▶ _TASK INSTRUCTIONS_
Reproduce the listing below character for character; drop every image.
--- START ---
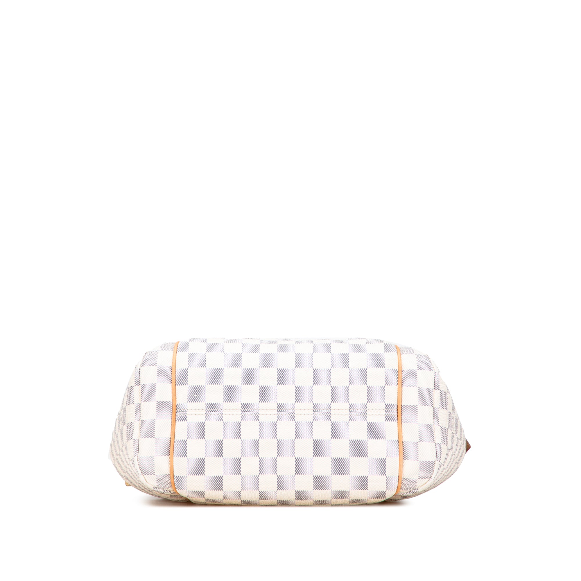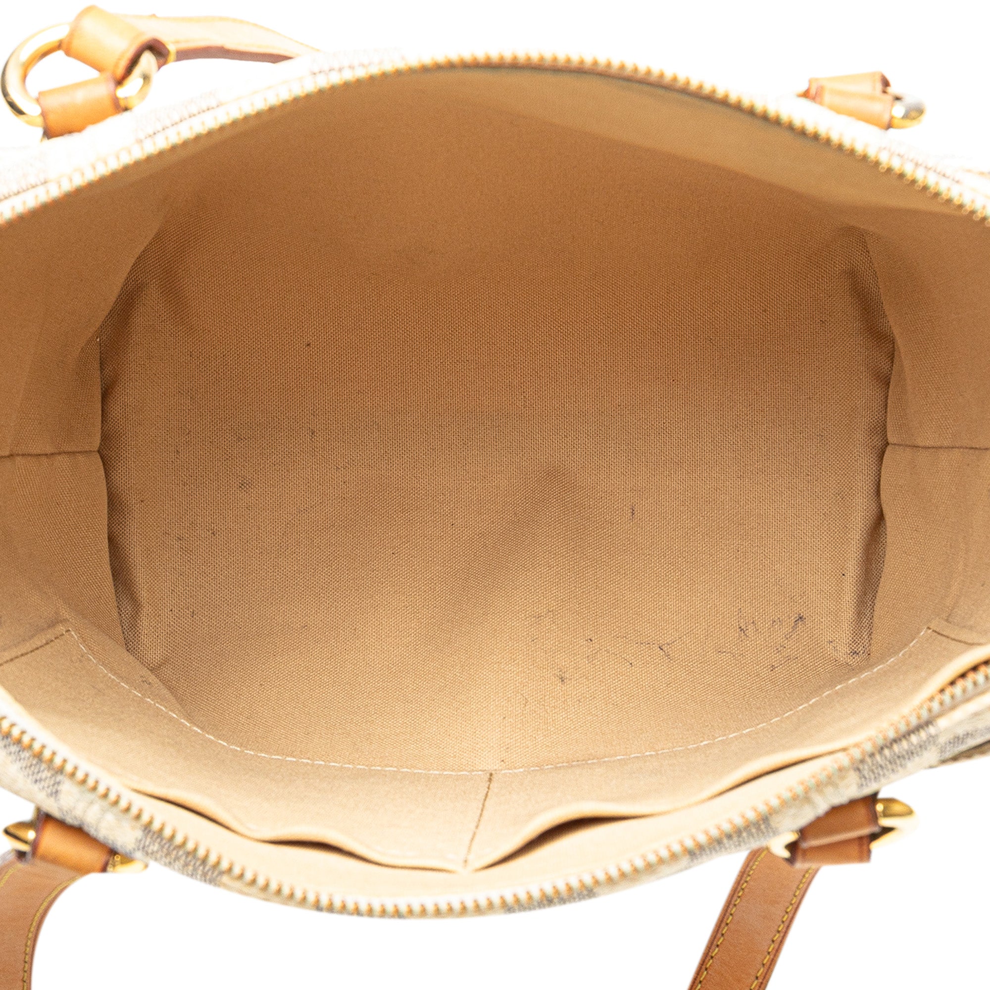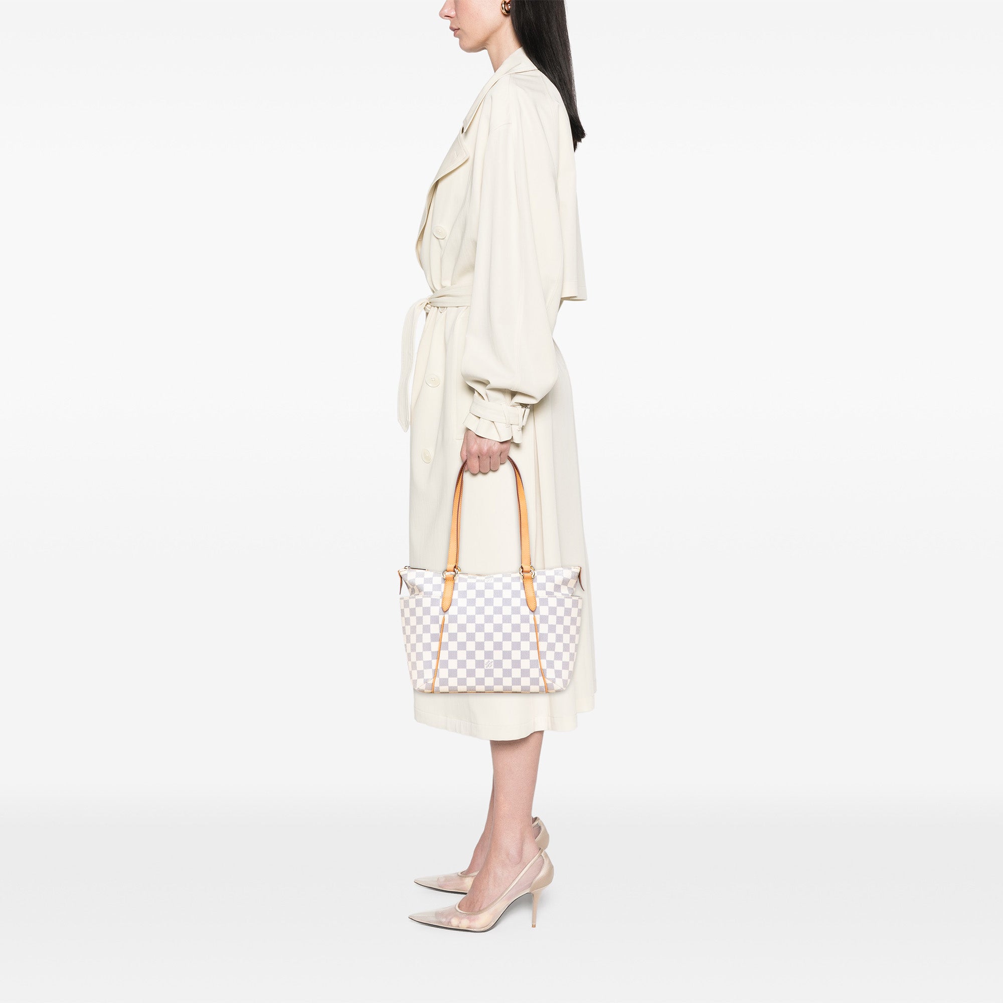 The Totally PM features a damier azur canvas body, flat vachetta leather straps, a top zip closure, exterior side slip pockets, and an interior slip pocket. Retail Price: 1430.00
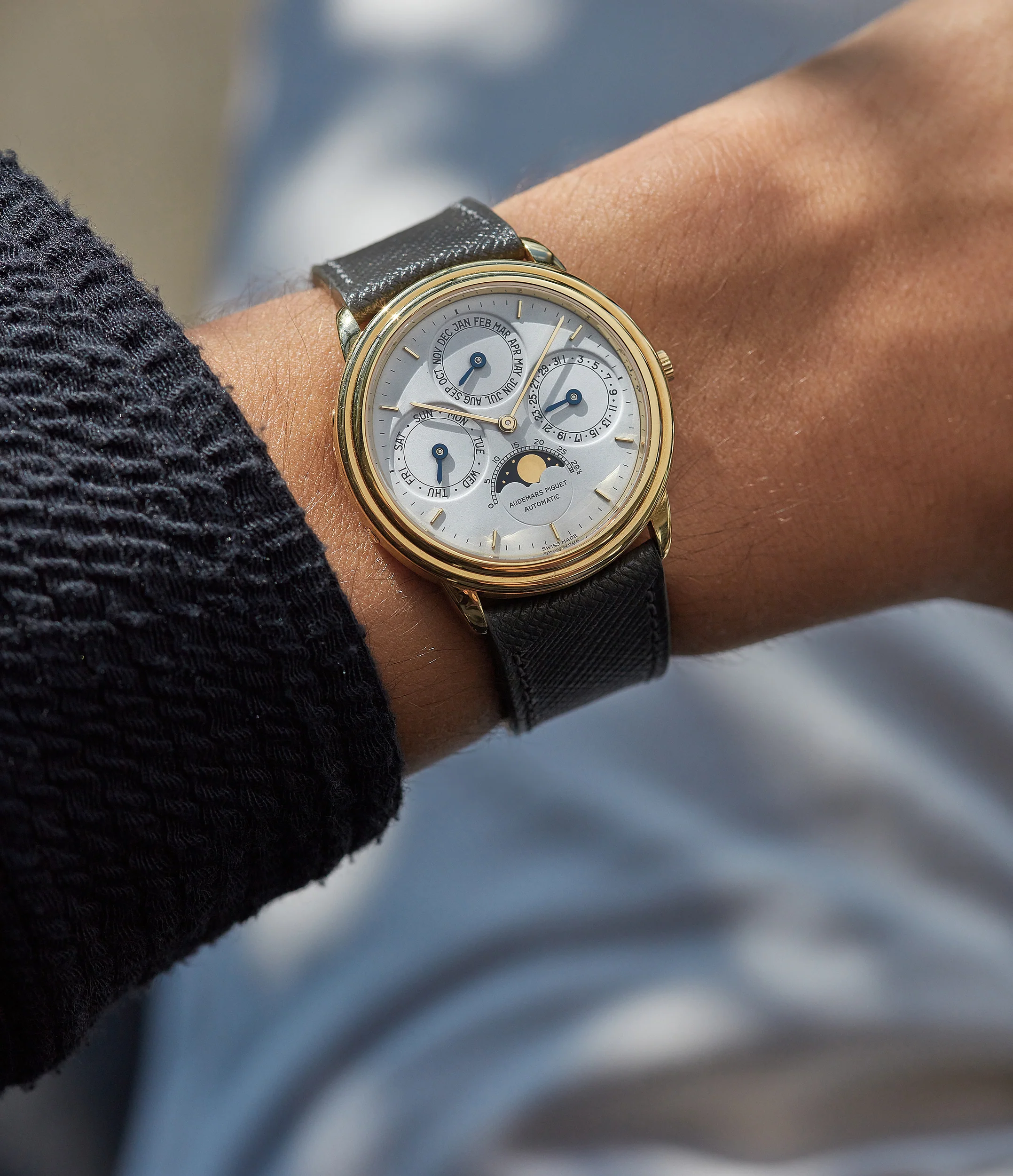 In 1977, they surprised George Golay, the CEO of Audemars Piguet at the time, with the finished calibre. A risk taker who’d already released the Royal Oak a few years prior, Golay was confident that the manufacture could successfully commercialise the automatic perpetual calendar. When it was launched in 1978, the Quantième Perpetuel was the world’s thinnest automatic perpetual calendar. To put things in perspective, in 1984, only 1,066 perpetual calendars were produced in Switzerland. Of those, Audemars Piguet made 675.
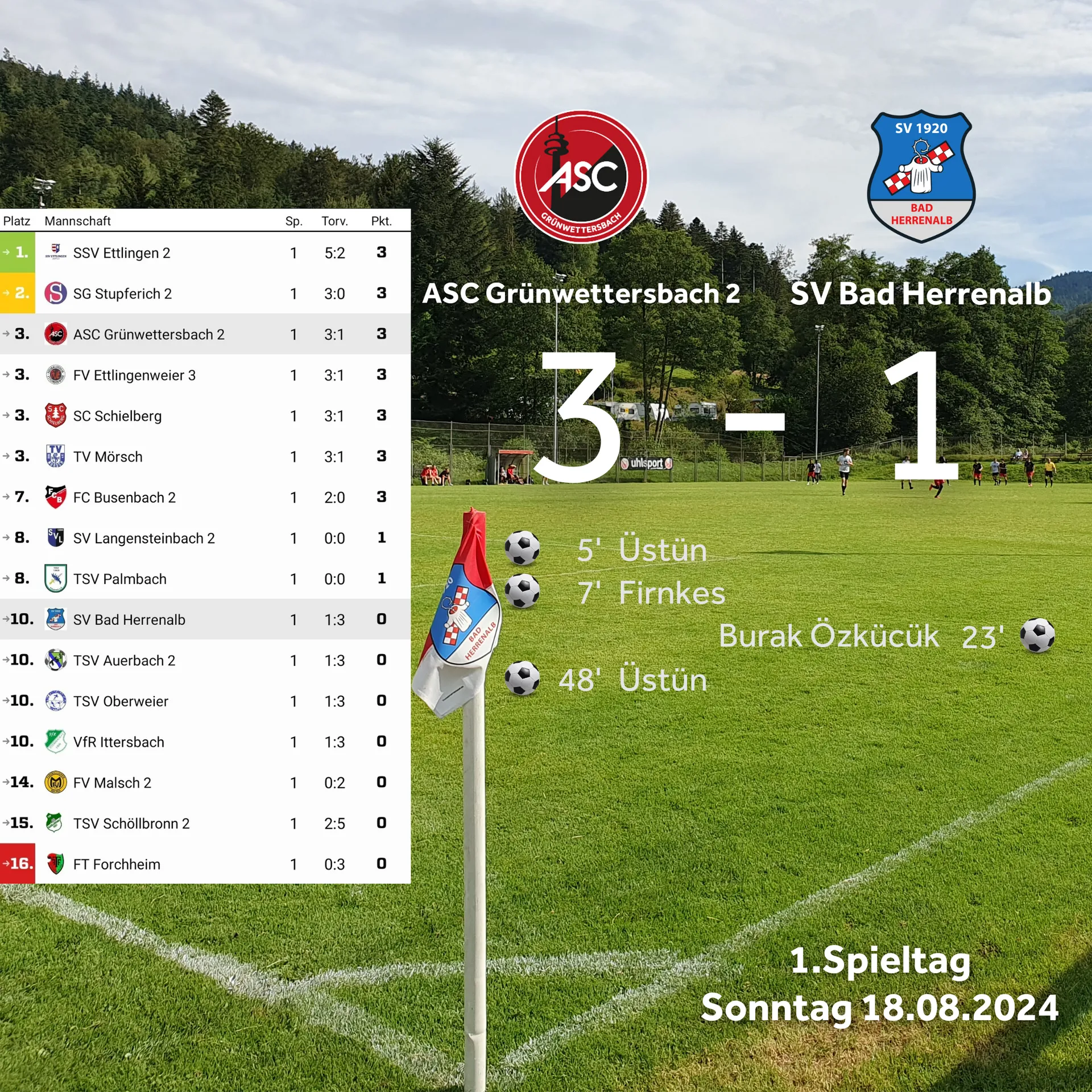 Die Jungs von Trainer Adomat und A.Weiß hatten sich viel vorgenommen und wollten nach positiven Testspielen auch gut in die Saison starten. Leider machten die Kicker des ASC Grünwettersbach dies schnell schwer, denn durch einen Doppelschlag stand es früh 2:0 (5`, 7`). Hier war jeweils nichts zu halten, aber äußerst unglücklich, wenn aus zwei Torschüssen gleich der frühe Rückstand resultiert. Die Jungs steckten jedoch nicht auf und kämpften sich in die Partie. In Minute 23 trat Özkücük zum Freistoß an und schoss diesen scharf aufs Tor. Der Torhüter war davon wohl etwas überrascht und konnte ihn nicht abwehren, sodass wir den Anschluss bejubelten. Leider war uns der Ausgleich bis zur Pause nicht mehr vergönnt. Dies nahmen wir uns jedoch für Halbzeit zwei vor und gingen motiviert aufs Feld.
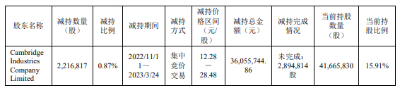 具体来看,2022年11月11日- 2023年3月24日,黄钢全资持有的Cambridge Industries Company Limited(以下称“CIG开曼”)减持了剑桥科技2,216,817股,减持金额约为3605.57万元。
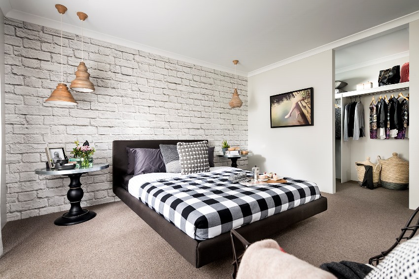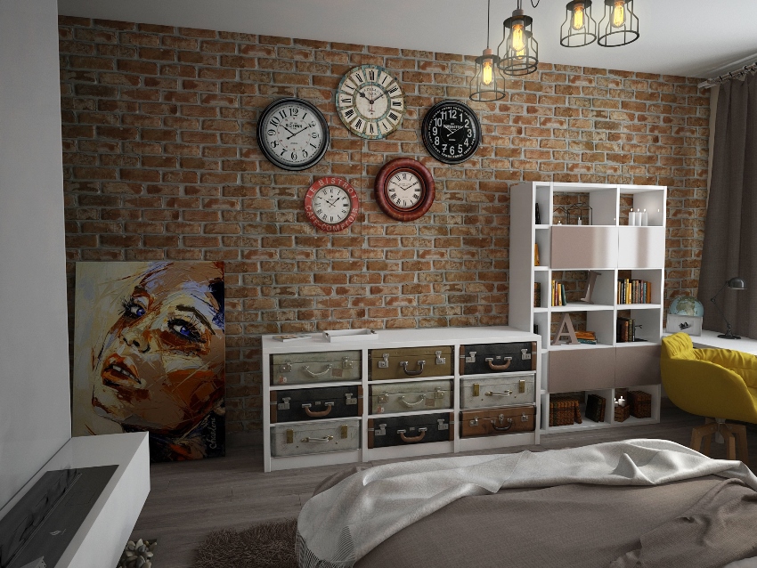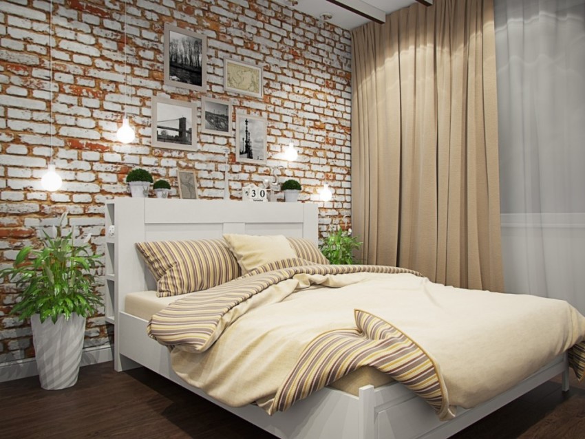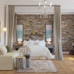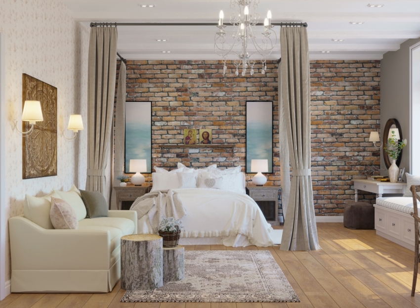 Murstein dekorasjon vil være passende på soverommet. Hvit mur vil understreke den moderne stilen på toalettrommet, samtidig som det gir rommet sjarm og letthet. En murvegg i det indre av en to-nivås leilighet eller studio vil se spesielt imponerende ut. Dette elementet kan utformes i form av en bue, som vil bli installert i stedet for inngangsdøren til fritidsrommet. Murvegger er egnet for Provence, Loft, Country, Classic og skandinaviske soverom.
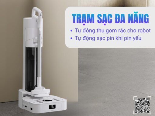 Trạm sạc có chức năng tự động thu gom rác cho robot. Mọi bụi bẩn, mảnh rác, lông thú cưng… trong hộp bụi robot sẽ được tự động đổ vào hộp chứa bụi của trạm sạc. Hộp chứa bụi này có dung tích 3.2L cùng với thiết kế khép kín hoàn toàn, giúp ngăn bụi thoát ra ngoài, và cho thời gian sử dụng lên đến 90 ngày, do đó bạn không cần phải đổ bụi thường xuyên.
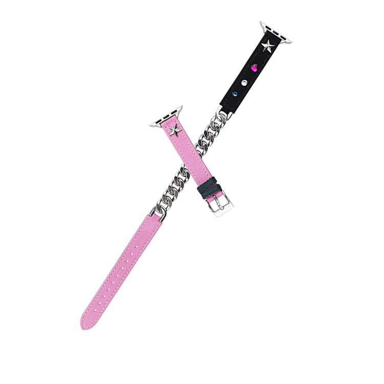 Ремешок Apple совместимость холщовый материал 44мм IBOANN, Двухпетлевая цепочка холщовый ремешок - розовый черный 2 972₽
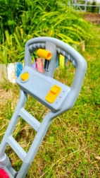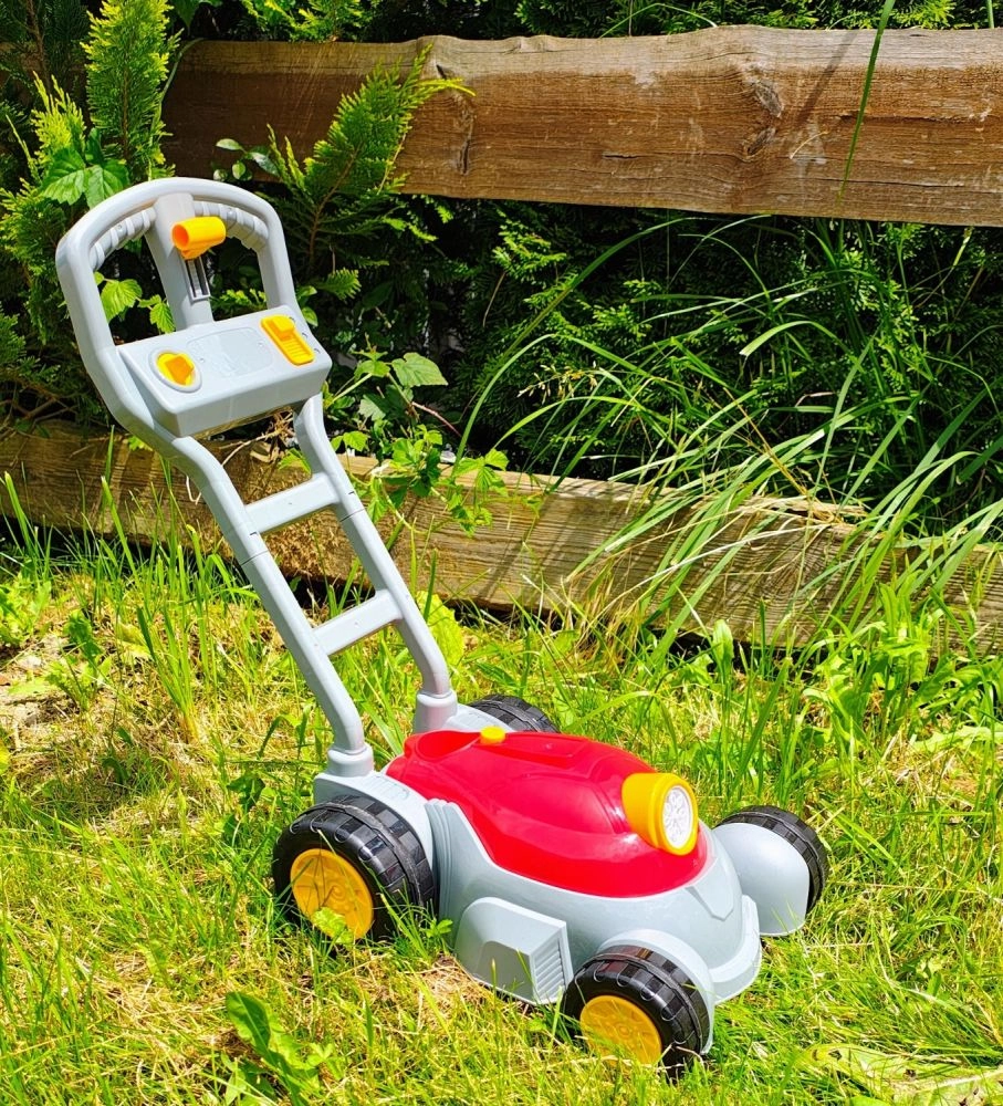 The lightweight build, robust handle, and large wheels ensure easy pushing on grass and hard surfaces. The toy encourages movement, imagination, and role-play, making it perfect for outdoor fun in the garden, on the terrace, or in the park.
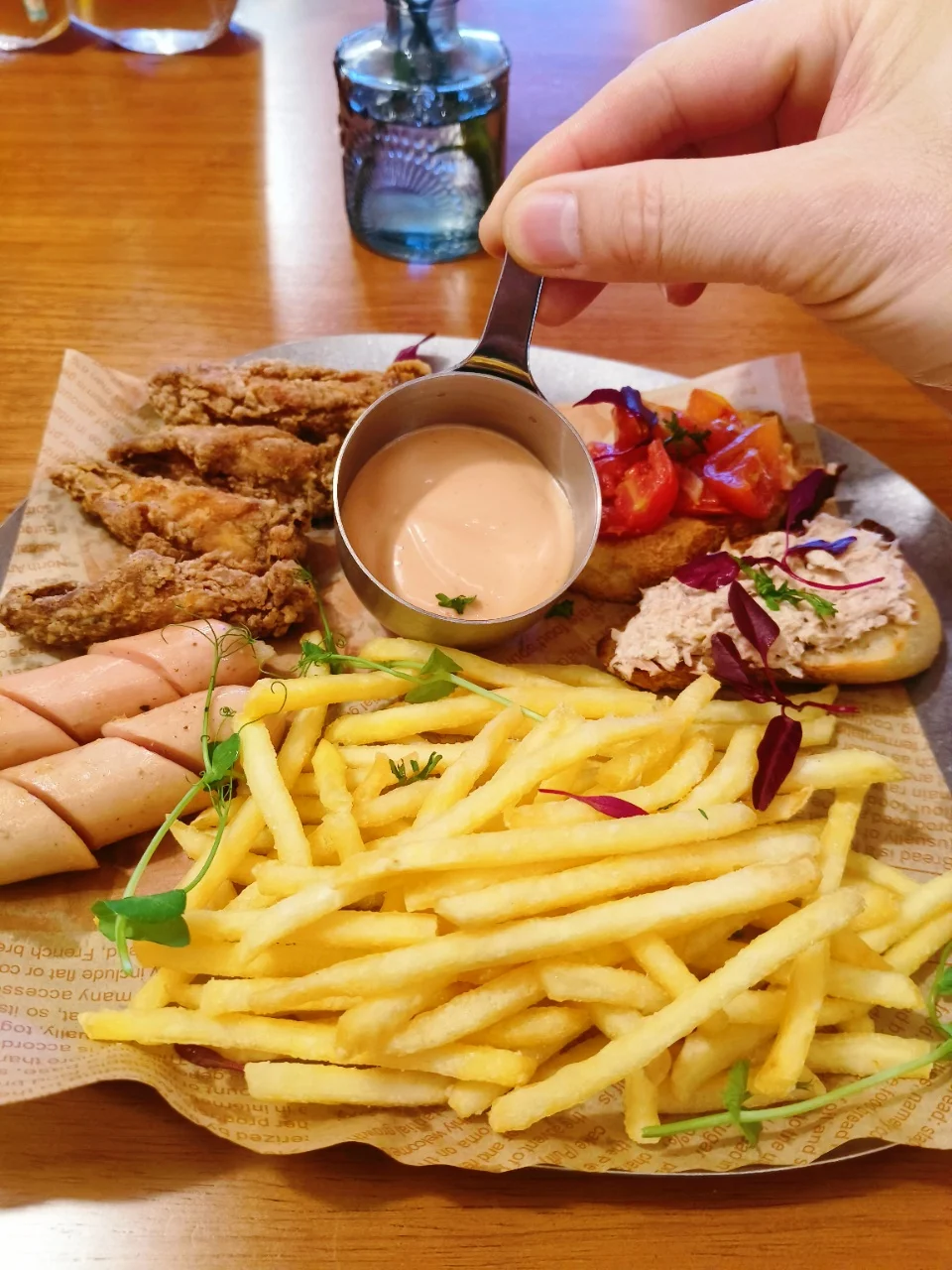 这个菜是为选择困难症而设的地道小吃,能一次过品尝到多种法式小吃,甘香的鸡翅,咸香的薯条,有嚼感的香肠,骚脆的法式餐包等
--- END ---
▶ _WRITTEN ANSWER_
 The Totally PM features a damier azur canvas body, flat vachetta leather straps, a top zip closure, exterior side slip pockets, and an interior slip pocket. Retail Price: 1430.00
 In 1977, they surprised George Golay, the CEO of Audemars Piguet at the time, with the finished calibre. A risk taker who’d already released the Royal Oak a few years prior, Golay was confident that the manufacture could successfully commercialise the automatic perpetual calendar. When it was launched in 1978, the Quantième Perpetuel was the world’s thinnest automatic perpetual calendar. To put things in perspective, in 1984, only 1,066 perpetual calendars were produced in Switzerland. Of those, Audemars Piguet made 675.
 Die Jungs von Trainer Adomat und A.Weiß hatten sich viel vorgenommen und wollten nach positiven Testspielen auch gut in die Saison starten. Leider machten die Kicker des ASC Grünwettersbach dies schnell schwer, denn durch einen Doppelschlag stand es früh 2:0 (5`, 7`). Hier war jeweils nichts zu halten, aber äußerst unglücklich, wenn aus zwei Torschüssen gleich der frühe Rückstand resultiert. Die Jungs steckten jedoch nicht auf und kämpften sich in die Partie. In Minute 23 trat Özkücük zum Freistoß an und schoss diesen scharf aufs Tor. Der Torhüter war davon wohl etwas überrascht und konnte ihn nicht abwehren, sodass wir den Anschluss bejubelten. Leider war uns der Ausgleich bis zur Pause nicht mehr vergönnt. Dies nahmen wir uns jedoch für Halbzeit zwei vor und gingen motiviert aufs Feld.
 具体来看,2022年11月11日- 2023年3月24日,黄钢全资持有的Cambridge Industries Company Limited(以下称“CIG开曼”)减持了剑桥科技2,216,817股,减持金额约为3605.57万元。
 Murstein dekorasjon vil være passende på soverommet. Hvit mur vil understreke den moderne stilen på toalettrommet, samtidig som det gir rommet sjarm og letthet. En murvegg i det indre av en to-nivås leilighet eller studio vil se spesielt imponerende ut. Dette elementet kan utformes i form av en bue, som vil bli installert i stedet for inngangsdøren til fritidsrommet. Murvegger er egnet for Provence, Loft, Country, Classic og skandinaviske soverom.
 Trạm sạc có chức năng tự động thu gom rác cho robot. Mọi bụi bẩn, mảnh rác, lông thú cưng… trong hộp bụi robot sẽ được tự động đổ vào hộp chứa bụi của trạm sạc. Hộp chứa bụi này có dung tích 3.2L cùng với thiết kế khép kín hoàn toàn, giúp ngăn bụi thoát ra ngoài, và cho thời gian sử dụng lên đến 90 ngày, do đó bạn không cần phải đổ bụi thường xuyên.
 Ремешок Apple совместимость холщовый материал 44мм IBOANN, Двухпетлевая цепочка холщовый ремешок - розовый черный 2 972₽
 The lightweight build, robust handle, and large wheels ensure easy pushing on grass and hard surfaces. The toy encourages movement, imagination, and role-play, making it perfect for outdoor fun in the garden, on the terrace, or in the park.
 这个菜是为选择困难症而设的地道小吃,能一次过品尝到多种法式小吃,甘香的鸡翅,咸香的薯条,有嚼感的香肠,骚脆的法式餐包等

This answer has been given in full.